*GOAL OF THE EXERCISE:* Could you retype the whole listing word for word and drop the images?

-------------------------

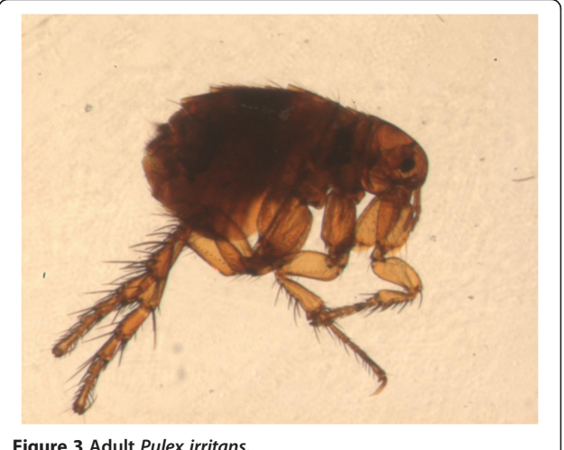
Figure 3 Adult Pulex irritans.

forms around each bite, with a sudden peak in few minutes and, most often, the onset of itching. The lesion may become a hard papillar lesion [10]. Repeated exposure to flea bites induces, in susceptible dogs and cats, a condition called flea allergy dermatitis (FAD). Dogs with FAD (Figure 4) present with erythema, alopecia, excoriation, papules, crusts, itching often leading to selftraumas (Figure 5), while cats show a miliary dermatitis (Figure 6) with nibbling, alopecia (Figure 7), intense pruritus, licking, scratching, self-traumas [15-18]. Along with other allergic diseases (e.g. food allergy diseases), FAD is a major clinical entity in pets, one of the most important skin conditions of household animals, and one of the most frequent causes for seeking veterinary advice [15,19].
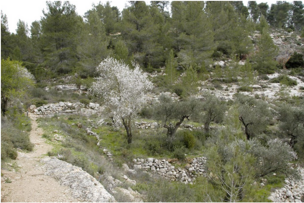
"Almond blossom in Palestine" by Yuri Virovets
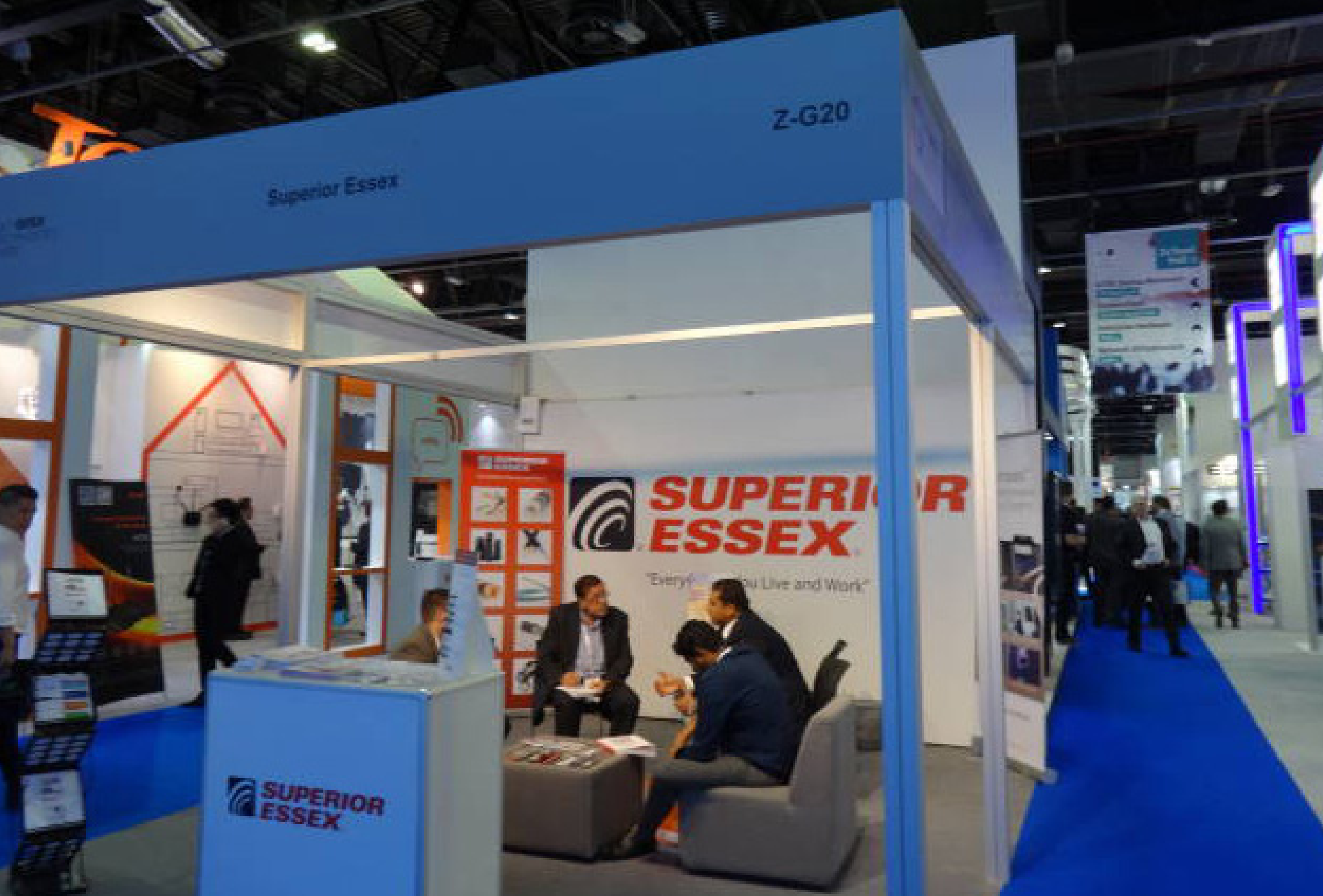
GITEX 2016 October 2016
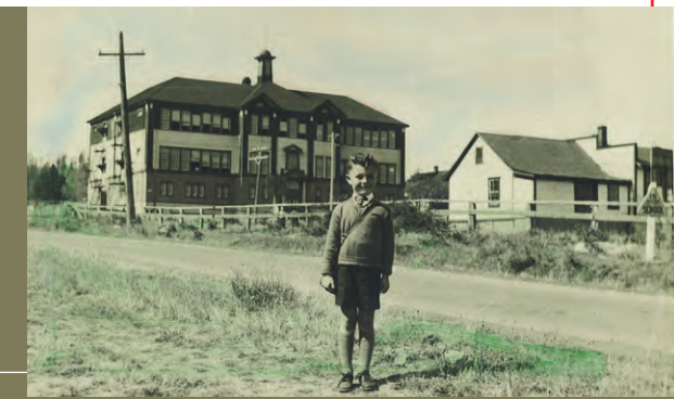
Harewood School, ca 1940

Established in 1892, the Company Farm provided fodder and pasture for the mules and horses that worked underground hauling coal cars in the local mines.
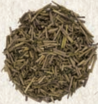
ほうじ棒茶 Hojibo Roasted Tea
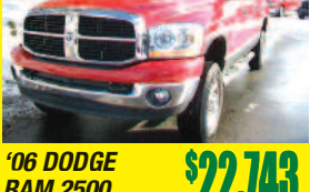
'06 DODGE RAM 2500 $22,743 Stk #P019676
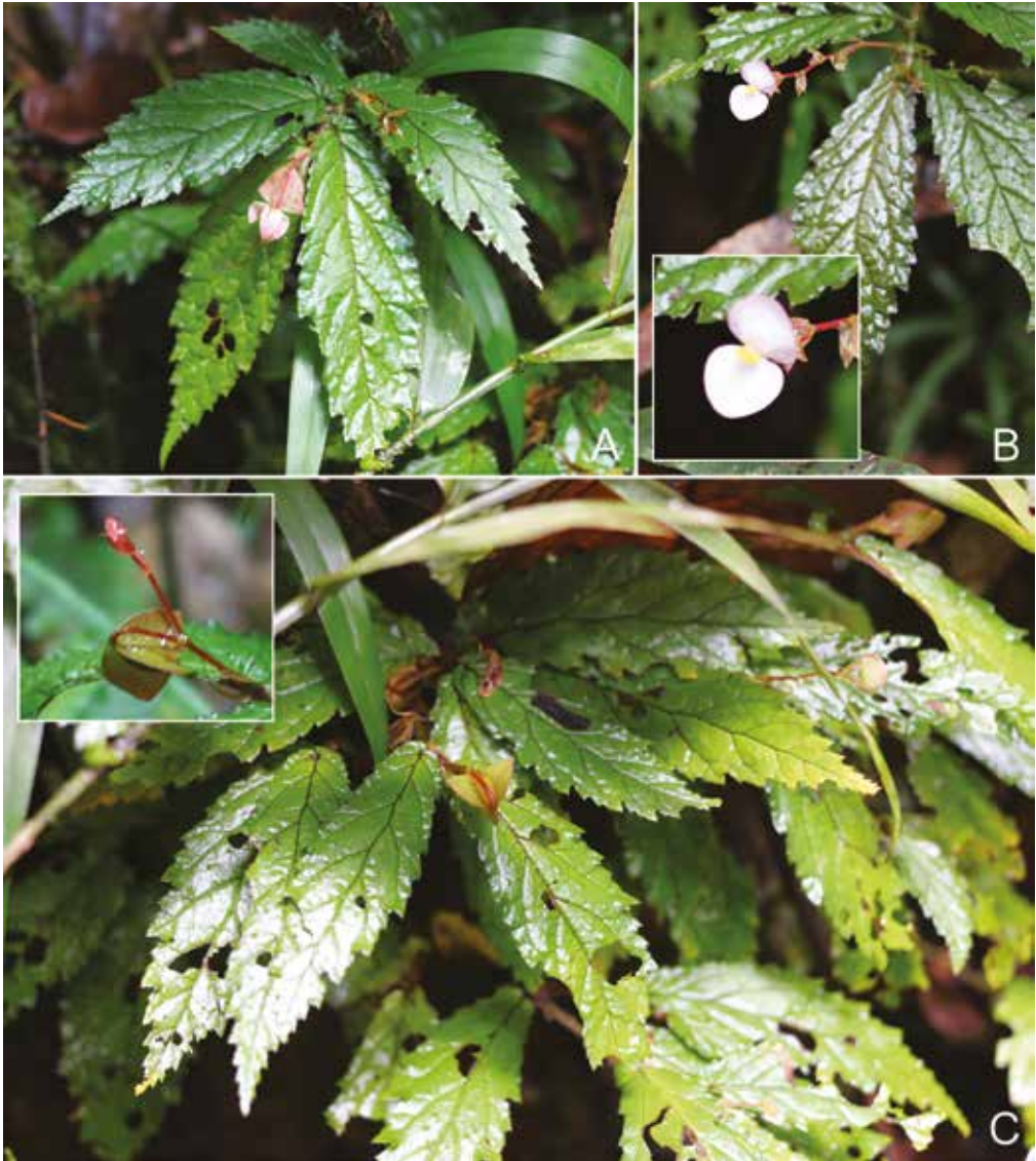
Fig. 1. Begonia aikrono H.P.Wilson & Jimbo. A. Habit and female flower. B. Male inflorescence and male flower (inset). C. Habit and ripening fruit (inset) on a recurved pedicel. A & C from LAE91288; B from LAE91289.

villose with short curled hairs c. 1 mm long, basal internodes c. 5 cm long, leafy stem internodes 1–2 cm long. Stipules deciduous, narrowly lanceolate, c. 7 × 3 mm, with a caudate tip c. 5 mm long, keeled, villose on the keel. Leaves petioles c. 5 mm long, hairs as on the stem; lamina lanceolate, (4–)6–11 × (2–)2.5–3 cm, slightly asymmetric, base oblique, basal lobe c. 7 mm long, adaxial surface mid green, veins darker and sunk into the lamina, lamina appearing glabrous at first glance but with sparse minute setae between the veins, abaxial surface puberulent on primary and secondary veins, glabrous between the veins, margin serrate-serrulate, teeth tipped with a short hair, apex
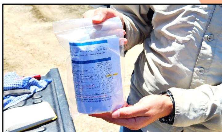
Figure 4. Affixing the sample collection form to the sample bag and preparing the sample for delivery to the laboratory.
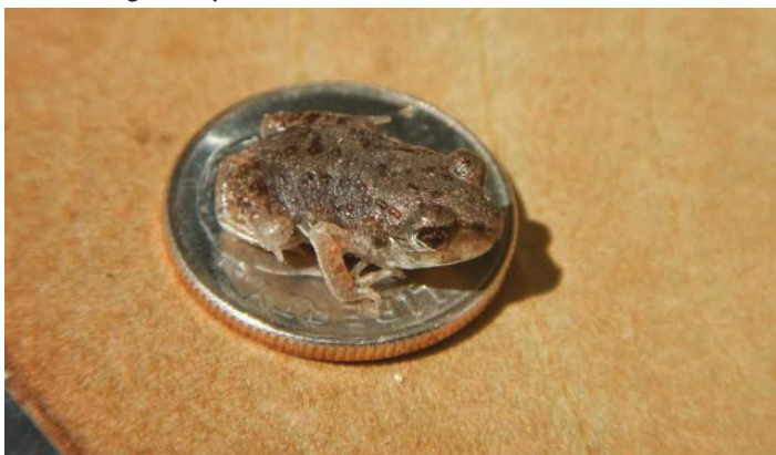
Figure 1. Very young eastern spadefoot toads are the size of a raisin, as seen here by a days-old froglet resting on a dime.

undergo metamorphosis, and emerge from the pond as tiny toads. Though the adults may have gone unnoticed, even if they bred in a shallow depression in a neighborhood back yard, the sheer number of tiny eastern spadefoots that emerge together from a single pond is not likely to go unnoticed; a thousands-strong mob of juvenile toads is certainly worthy of the term horde! These tiny toads are only about the size of a raisin (Figure 1), but there can be so many of them that they may cover the ground in a literal carpet of toads (Figure 2). If their breeding pond was near a road or parking lot, carnage may ensue as the horde of baby toads migrates from their natal pond to the surrounding uplands. As they try to hop across a road, they may be killed in the thousands by unsuspecting motorists. Even when drivers can see the baby toads, there often is no way to avoid crushing them (Figure 3). During this period of dispersal, they may also find their way into people's garages and homes, but after a week or so the horde of tiny toads will seemingly disappear. The lucky ones will find a suitable hiding place, eat enough insects, and avoid predators and anything else that could lead to their demise. Once they mature, which takes about 2–4 years, they, too, will be triggered into a breeding frenzy when inches of tropical rains fall and nearby shallow depressions fill with water, re-starting the cycle of life for the hurricane toad.
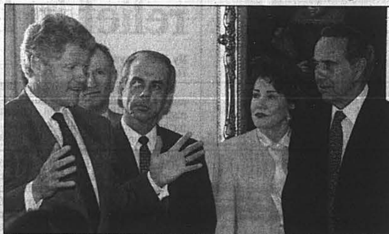
President Clinton praises Sen. Bob Dole's work on behalf of Americans with disabilities Thursday at a Washington luncheon for the Kansas Republican, at right with his wife, Elizabeth.

"Too many handicapped persons lead lives of loneliness and despair," Dole said in 1969. "Too many feel, and too many are cut off from our
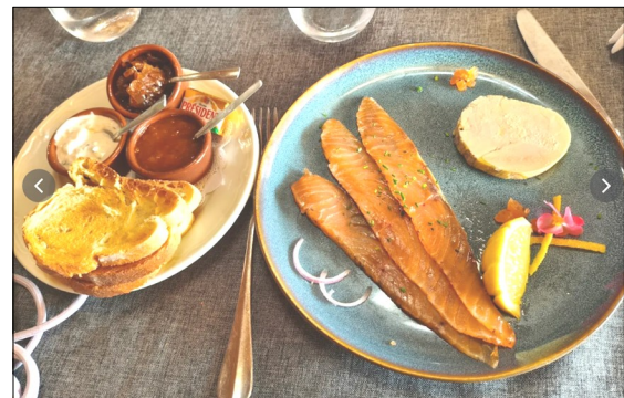
Tandem Salmon Gravlax & Foie gras
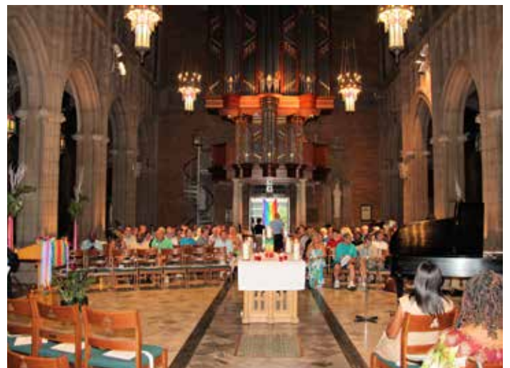
The Gay Games Interfaith Service at Trinity Cathedral featured the participation of local, national and international faith leaders

-------------------------

*RESPONSE TO THE TASK:*
Figure 3 Adult Pulex irritans.

forms around each bite, with a sudden peak in few minutes and, most often, the onset of itching. The lesion may become a hard papillar lesion [10]. Repeated exposure to flea bites induces, in susceptible dogs and cats, a condition called flea allergy dermatitis (FAD). Dogs with FAD (Figure 4) present with erythema, alopecia, excoriation, papules, crusts, itching often leading to selftraumas (Figure 5), while cats show a miliary dermatitis (Figure 6) with nibbling, alopecia (Figure 7), intense pruritus, licking, scratching, self-traumas [15-18]. Along with other allergic diseases (e.g. food allergy diseases), FAD is a major clinical entity in pets, one of the most important skin conditions of household animals, and one of the most frequent causes for seeking veterinary advice [15,19].
"Almond blossom in Palestine" by Yuri Virovets
GITEX 2016 October 2016
Harewood School, ca 1940

Established in 1892, the Company Farm provided fodder and pasture for the mules and horses that worked underground hauling coal cars in the local mines.
ほうじ棒茶 Hojibo Roasted Tea
'06 DODGE RAM 2500 $22,743 Stk #P019676
Fig. 1. Begonia aikrono H.P.Wilson & Jimbo. A. Habit and female flower. B. Male inflorescence and male flower (inset). C. Habit and ripening fruit (inset) on a recurved pedicel. A & C from LAE91288; B from LAE91289.

villose with short curled hairs c. 1 mm long, basal internodes c. 5 cm long, leafy stem internodes 1–2 cm long. Stipules deciduous, narrowly lanceolate, c. 7 × 3 mm, with a caudate tip c. 5 mm long, keeled, villose on the keel. Leaves petioles c. 5 mm long, hairs as on the stem; lamina lanceolate, (4–)6–11 × (2–)2.5–3 cm, slightly asymmetric, base oblique, basal lobe c. 7 mm long, adaxial surface mid green, veins darker and sunk into the lamina, lamina appearing glabrous at first glance but with sparse minute setae between the veins, abaxial surface puberulent on primary and secondary veins, glabrous between the veins, margin serrate-serrulate, teeth tipped with a short hair, apex
Figure 4. Affixing the sample collection form to the sample bag and preparing the sample for delivery to the laboratory.
Figure 1. Very young eastern spadefoot toads are the size of a raisin, as seen here by a days-old froglet resting on a dime.

undergo metamorphosis, and emerge from the pond as tiny toads. Though the adults may have gone unnoticed, even if they bred in a shallow depression in a neighborhood back yard, the sheer number of tiny eastern spadefoots that emerge together from a single pond is not likely to go unnoticed; a thousands-strong mob of juvenile toads is certainly worthy of the term horde! These tiny toads are only about the size of a raisin (Figure 1), but there can be so many of them that they may cover the ground in a literal carpet of toads (Figure 2). If their breeding pond was near a road or parking lot, carnage may ensue as the horde of baby toads migrates from their natal pond to the surrounding uplands. As they try to hop across a road, they may be killed in the thousands by unsuspecting motorists. Even when drivers can see the baby toads, there often is no way to avoid crushing them (Figure 3). During this period of dispersal, they may also find their way into people's garages and homes, but after a week or so the horde of tiny toads will seemingly disappear. The lucky ones will find a suitable hiding place, eat enough insects, and avoid predators and anything else that could lead to their demise. Once they mature, which takes about 2–4 years, they, too, will be triggered into a breeding frenzy when inches of tropical rains fall and nearby shallow depressions fill with water, re-starting the cycle of life for the hurricane toad.
President Clinton praises Sen. Bob Dole's work on behalf of Americans with disabilities Thursday at a Washington luncheon for the Kansas Republican, at right with his wife, Elizabeth.

"Too many handicapped persons lead lives of loneliness and despair," Dole said in 1969. "Too many feel, and too many are cut off from our
Tandem Salmon Gravlax & Foie gras
The Gay Games Interfaith Service at Trinity Cathedral featured the participation of local, national and international faith leaders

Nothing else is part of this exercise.